On Fri, Mar 31, 2006 at 09:07:39AM -0500, Brian Barrett wrote:

> > I have a first quick and dirty patch, replacing AF_INET by AF_INET6,
> > the sockaddr_in structs and so on.
> Is there a way to do this to better support both IPv4 and IPv6?

I think so, too. There are probably two different ways to achieve
this: either provide two components "tcp" and "tcp6" or use
v6-mapped-v4 addresses. The first would surely result in a lot
of shared code, but I think this won't be a problem. If it is
possible to have to components (and by this several modules)
for communication, this might be a solution.

The other way, v6-mapped-v4, is how normal userland daemons
are usually implemented. The application only listens on
v6-sockets, v4-addresses are mapped to ::ffff:a.b.c.d/96,
where a.b.c.d is the normal 32bit v4-address:

Mar 31 13:58:26 ltw pop3-login: Login: xxxxx [::ffff:84.184.164.40]

Perhaps it's a good idea to port any internal structure to
IPv6, as it is able to represent the whole v4 namespace.
One can always determine whether it is a real v6 or only
a mapped v4 address (the common ::ffff: prefix)


> mca_btl_tcp_proc_insert(), which is what I think you're referring to  
> by the net1/net2 code, that's intended to be used to try to get all  
> the multi-nic scenarios wired up in the most advantageous way  
> possible.  So we look at the combination IPv4 addr and netmask and  
> prefer to connect two endpoints in the same subnet.

Ok, this is how I understood the code. The current implementation
does a bitwise AND on uint32, for IPv6 this will be 128 bits.

I don't know of any predeclared type of this size, so we have
to find a different solution. Though the final decision will
always be boolean ("Are we on the same network?" Yes/No), we
have to represent the correct answer.

There is only one comparision between net1 and net2, so the
decision is a local one and we don't really need the
netmasks.

> I'm not sure how IPv6 deals with netmasks and routing, but I'm
> assuming there would be something similar.

Pretty much the same.
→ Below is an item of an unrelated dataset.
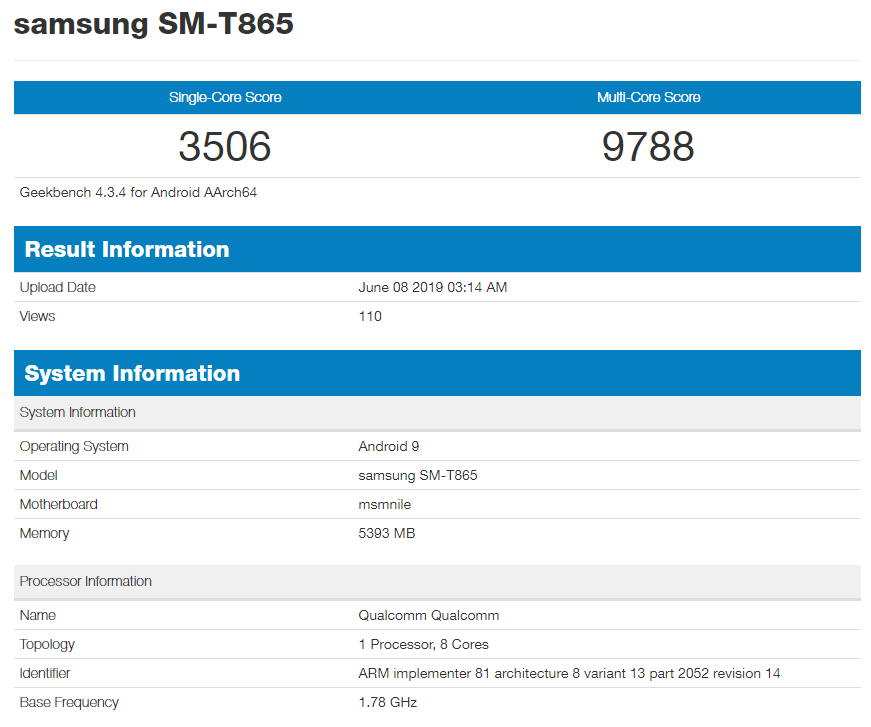 Acest model cu numele de cod SM-T865 a apărut în rapoartele testului de benchmark GeekBench, iar prin intermediul acestora aflăm primele specificaţii ale device-ului:

Netmasks are now called "prefixlen",
integers between 0 (like /0) and 128 (like /32).
The typical onlink prefixlen is /64, there's usually no
smaller (i.e. /112) prefixlen, though it might exist.

Routing aggregation is done by enlarging the prefix.
A typical one is /48, this means 2^16 networks with 2^64
hosts each.

So to say: the LAN prefixlen will be 64 in most cases.
Larger ones (i.e. /48) are only for routing.
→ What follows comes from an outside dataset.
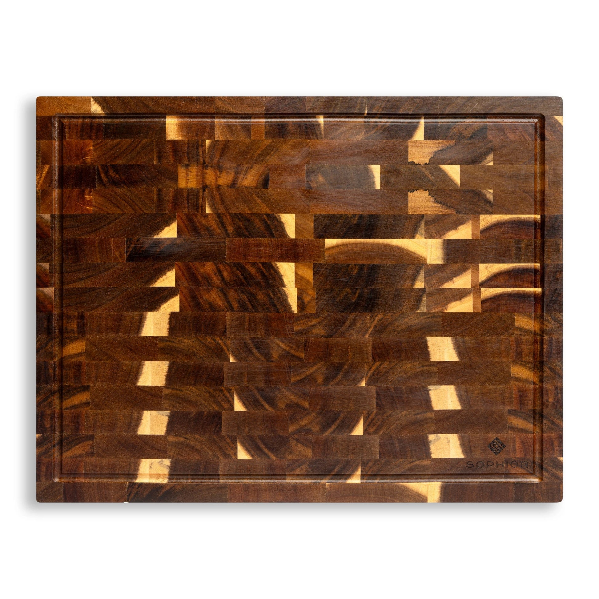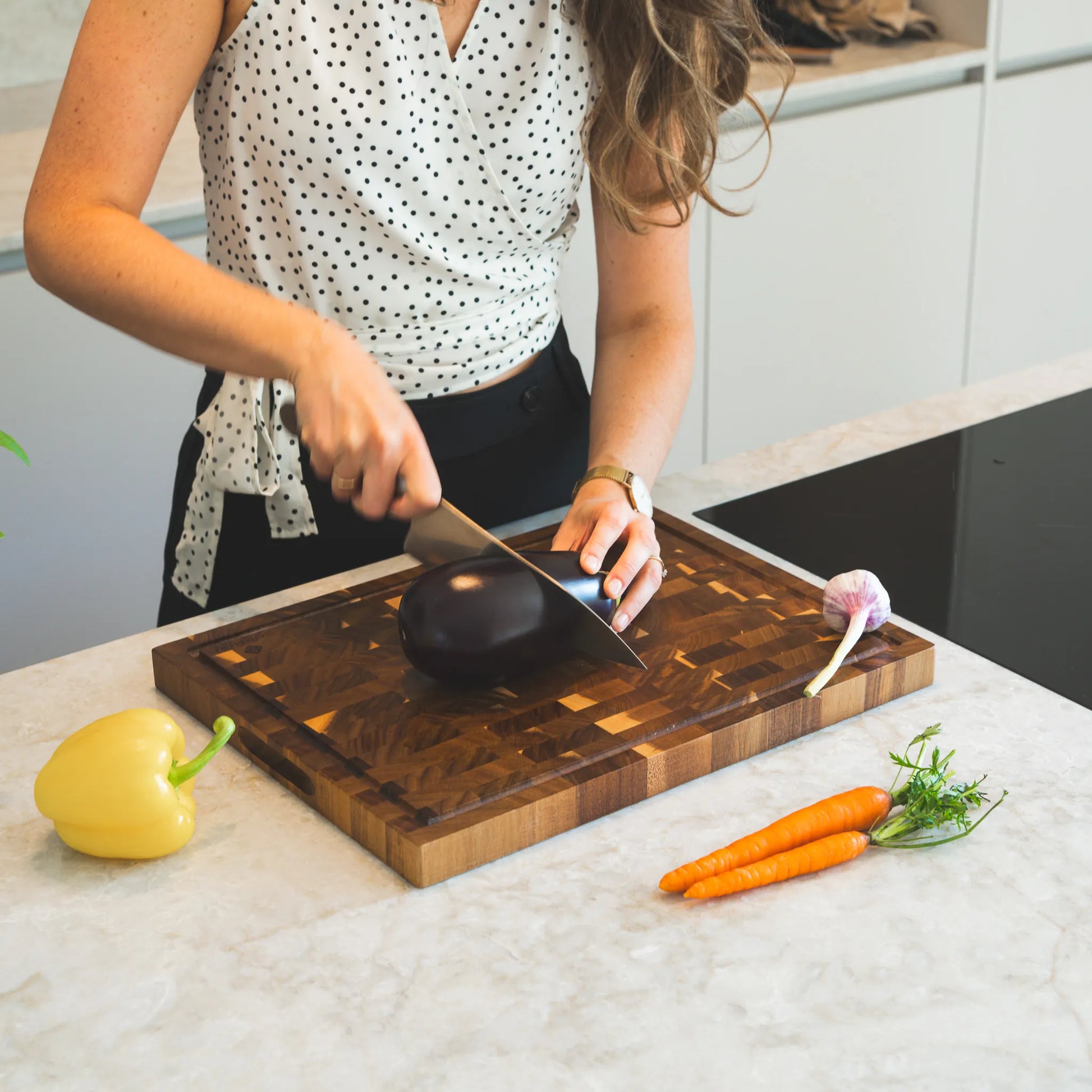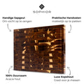 - Type hout: massief acaciahout, kopshout (end grain), FSC-gecertificeerd en duurzaam

I apologize for calling the numerical smaller value of 48
the larger prefix than 64. This just refers to the network
size as the /64 is the smaller network.


> > I don't know if this patched tcp-component can handle
> > IPv6 connections, I've never tested it. I think it
> > even breaks IPv4 functionality; we should make clear
> > how IPv4 and IPv6 may work in parallel (or may not, if
> > one considers IPv4 deprecated ;)
>  From a practical standpoint, Open MPI has to support both IPv4 and  
> IPv6 for the foreseeable future. 

I think so, too. We're dual stacked.

> We currently try to wire up one connection per "IP device", so it
> seems like we should be able to find some way to automatically
> switch between IPv6 or IPv4 based on what we determine is available
> on that host, right?

That's right. The orte-oob seems to be the right place for
this decision, assuming that ompi/mca/btl/tcp can handle
both or have two different components providing the desired
functionality.

Implementing this dual stack behaviour isn't that hard, almost
every userland tool does it this way: try the v6 and if it
fails, use v4. The user can usually force the code to use
either v4 or v6. This shouldn't be too hard in case of
v6-mapped-v4. The only thing to take care is for RFC1918 networks.

adi@drcomp:~$ telnet ::ffff:127.0.0.1 25

(works fine)

To automatically select the right protocol, it might be good
to prefer IPv4 (smaller headers->less overhead). The user
can still force the use of IPv6 via DNS (assigning special
IPv6-only hostnames)


-- 
mail: a...@thur.de      http://adi.thur.de      PGP: v2-key via keyserver

Lieber einen Spanner im Garten als garkein Strom!